**SOURCE DATA:**

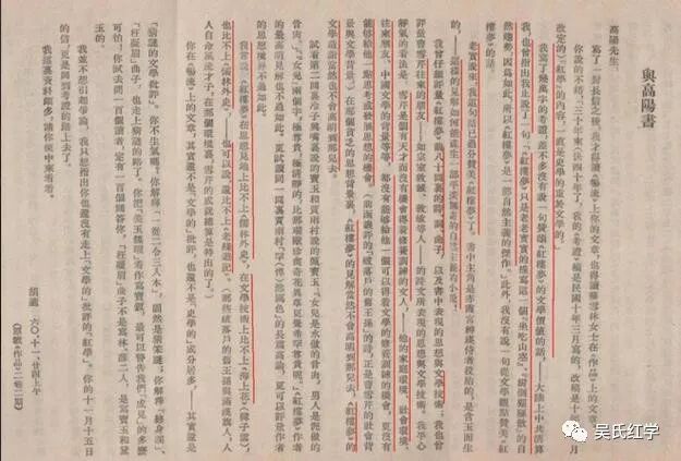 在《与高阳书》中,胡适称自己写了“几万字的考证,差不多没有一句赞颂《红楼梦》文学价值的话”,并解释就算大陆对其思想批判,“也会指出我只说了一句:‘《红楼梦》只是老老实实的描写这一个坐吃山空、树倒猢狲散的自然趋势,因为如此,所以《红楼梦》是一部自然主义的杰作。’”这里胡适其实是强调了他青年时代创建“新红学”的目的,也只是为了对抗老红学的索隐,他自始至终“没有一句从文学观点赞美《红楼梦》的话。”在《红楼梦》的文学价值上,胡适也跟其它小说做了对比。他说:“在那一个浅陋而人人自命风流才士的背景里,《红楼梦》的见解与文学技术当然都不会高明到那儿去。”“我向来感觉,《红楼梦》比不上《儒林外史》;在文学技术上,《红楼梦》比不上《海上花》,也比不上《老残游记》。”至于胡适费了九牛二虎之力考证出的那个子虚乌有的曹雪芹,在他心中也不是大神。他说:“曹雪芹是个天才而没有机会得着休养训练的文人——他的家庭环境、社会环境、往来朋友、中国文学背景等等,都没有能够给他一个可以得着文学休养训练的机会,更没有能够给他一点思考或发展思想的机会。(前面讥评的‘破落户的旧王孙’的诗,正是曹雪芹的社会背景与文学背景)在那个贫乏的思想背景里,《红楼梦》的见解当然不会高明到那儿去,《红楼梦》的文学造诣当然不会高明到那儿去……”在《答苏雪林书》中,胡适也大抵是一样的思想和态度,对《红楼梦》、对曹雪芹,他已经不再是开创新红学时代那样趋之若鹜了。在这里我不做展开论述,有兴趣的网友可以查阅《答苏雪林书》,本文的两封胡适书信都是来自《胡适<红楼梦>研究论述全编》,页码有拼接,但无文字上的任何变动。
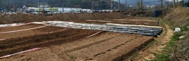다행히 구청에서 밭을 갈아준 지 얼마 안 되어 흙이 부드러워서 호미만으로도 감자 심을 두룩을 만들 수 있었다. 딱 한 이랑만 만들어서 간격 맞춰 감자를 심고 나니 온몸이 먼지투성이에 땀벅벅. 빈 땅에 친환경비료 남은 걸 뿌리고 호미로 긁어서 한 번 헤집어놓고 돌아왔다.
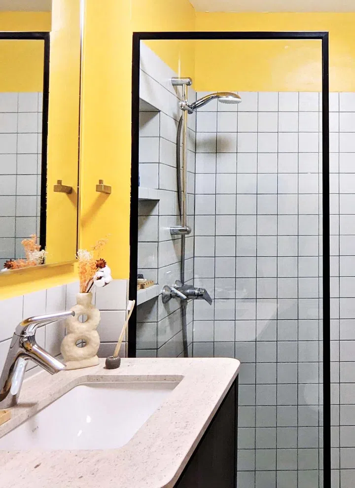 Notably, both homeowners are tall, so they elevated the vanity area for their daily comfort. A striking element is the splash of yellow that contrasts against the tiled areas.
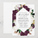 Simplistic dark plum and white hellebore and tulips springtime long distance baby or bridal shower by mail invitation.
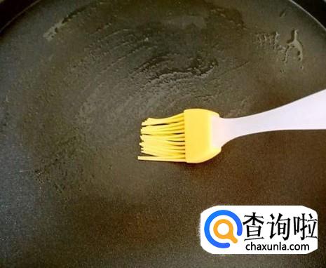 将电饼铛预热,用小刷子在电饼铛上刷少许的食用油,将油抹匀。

...

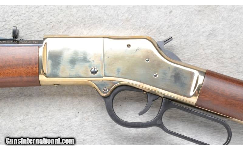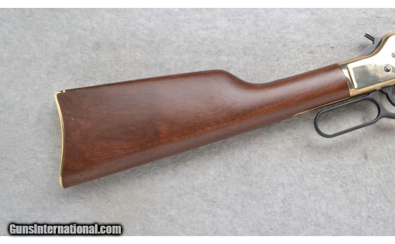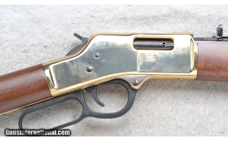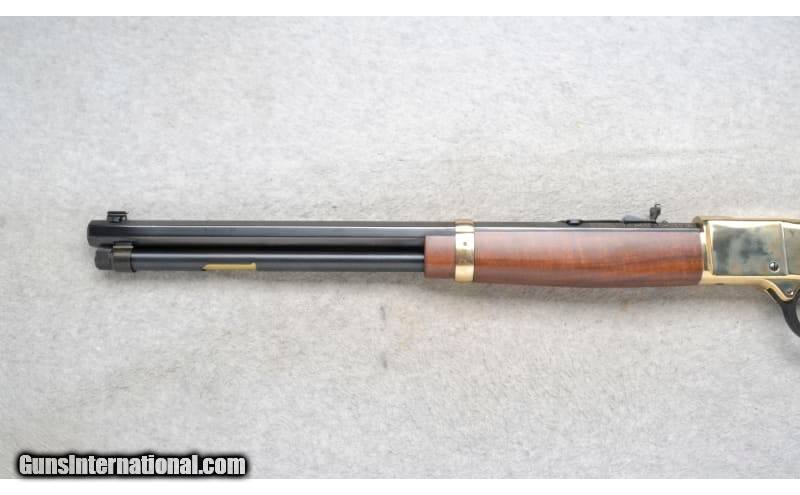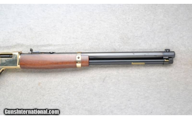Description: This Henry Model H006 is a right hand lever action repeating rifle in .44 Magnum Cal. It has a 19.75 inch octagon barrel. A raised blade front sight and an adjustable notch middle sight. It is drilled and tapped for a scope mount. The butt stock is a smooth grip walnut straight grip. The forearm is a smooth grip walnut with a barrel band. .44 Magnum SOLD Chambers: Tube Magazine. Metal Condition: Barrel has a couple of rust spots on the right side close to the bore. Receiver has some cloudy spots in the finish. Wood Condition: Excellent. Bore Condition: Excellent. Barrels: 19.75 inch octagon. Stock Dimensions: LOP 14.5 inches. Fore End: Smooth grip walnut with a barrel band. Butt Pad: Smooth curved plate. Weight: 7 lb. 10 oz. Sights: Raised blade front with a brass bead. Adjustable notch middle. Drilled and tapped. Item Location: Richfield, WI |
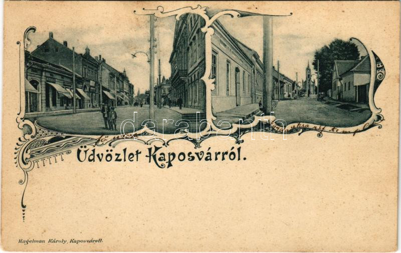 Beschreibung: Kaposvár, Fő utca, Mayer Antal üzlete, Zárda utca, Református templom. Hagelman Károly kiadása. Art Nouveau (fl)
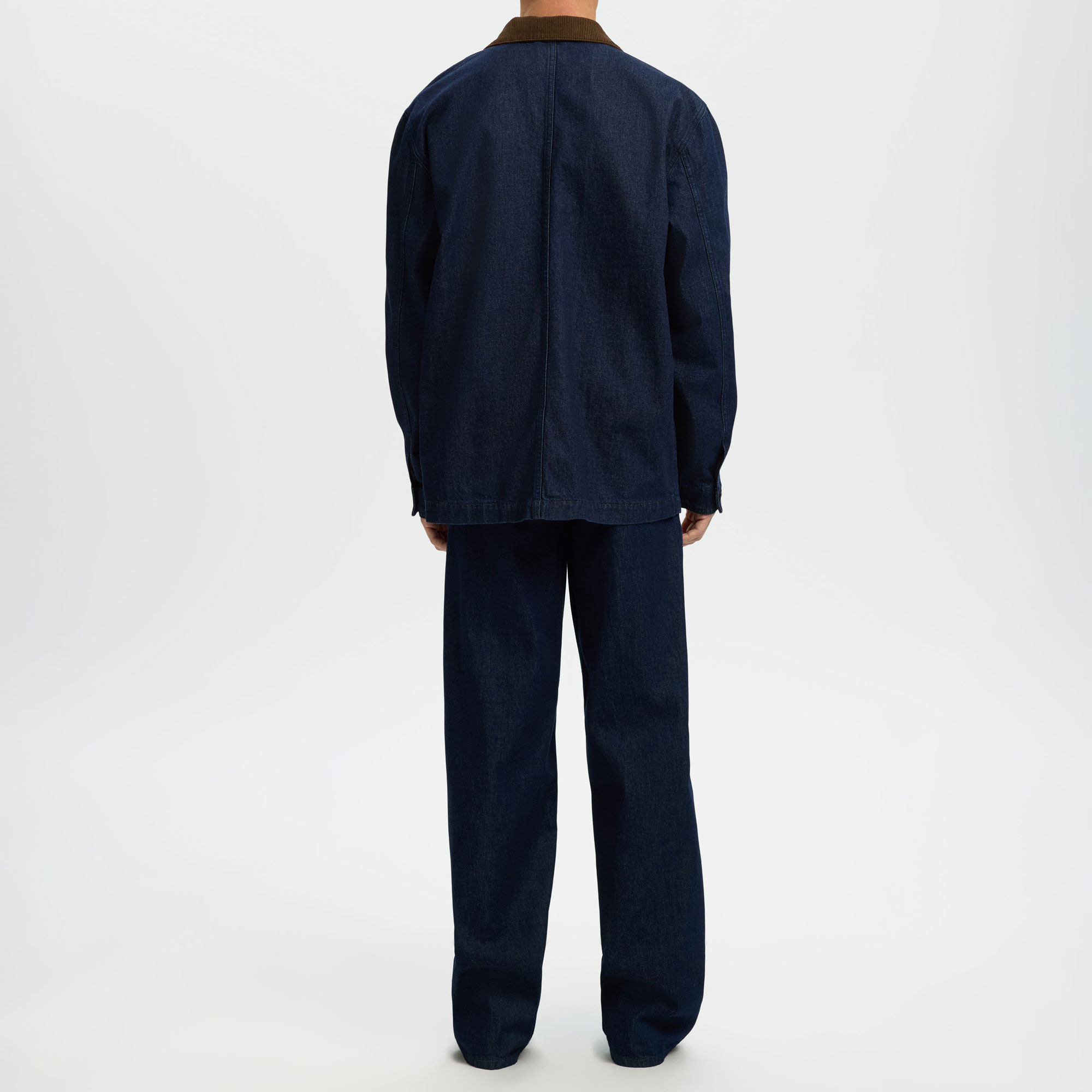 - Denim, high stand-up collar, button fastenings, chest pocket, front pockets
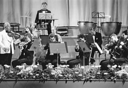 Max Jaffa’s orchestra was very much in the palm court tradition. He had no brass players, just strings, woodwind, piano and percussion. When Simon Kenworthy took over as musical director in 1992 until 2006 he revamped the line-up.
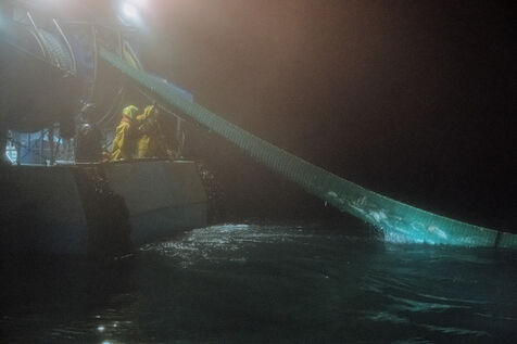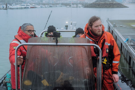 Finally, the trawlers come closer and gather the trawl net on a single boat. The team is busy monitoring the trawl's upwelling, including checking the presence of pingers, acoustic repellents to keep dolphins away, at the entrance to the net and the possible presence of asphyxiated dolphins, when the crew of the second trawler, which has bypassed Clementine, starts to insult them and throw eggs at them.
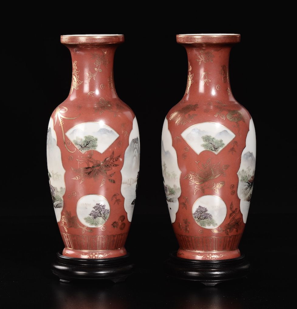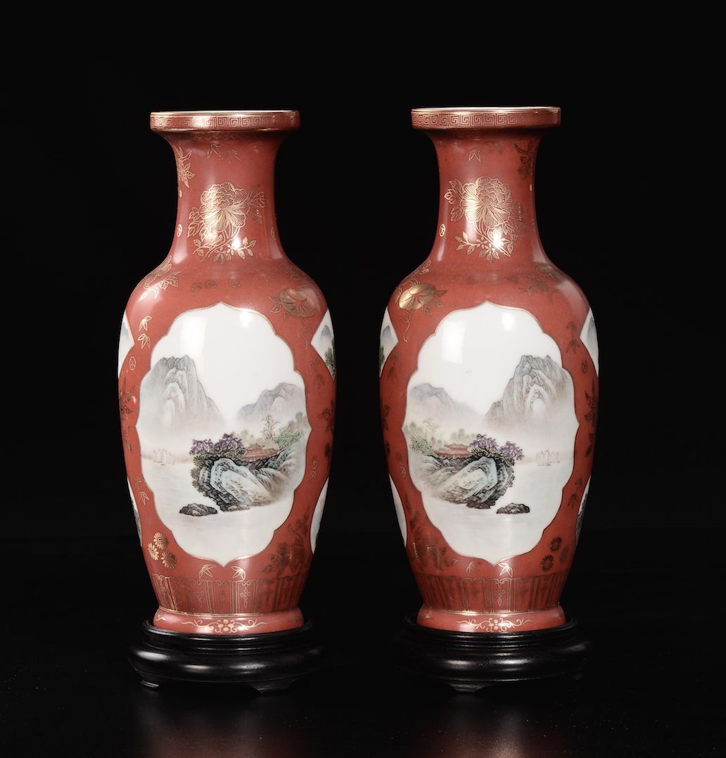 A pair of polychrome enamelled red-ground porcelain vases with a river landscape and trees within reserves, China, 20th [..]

**ASSIGNMENT:** Given the listing above, retype only the span of lines from the line with "Simplistic dark plum" up to and including the line with "将电饼铛预热,用小刷子在电饼铛上刷少许的食用油,将油抹匀。", exactly as it stands and without pictures.

**EXPECTED ANSWER:**
 Simplistic dark plum and white hellebore and tulips springtime long distance baby or bridal shower by mail invitation.
 将电饼铛预热,用小刷子在电饼铛上刷少许的食用油,将油抹匀。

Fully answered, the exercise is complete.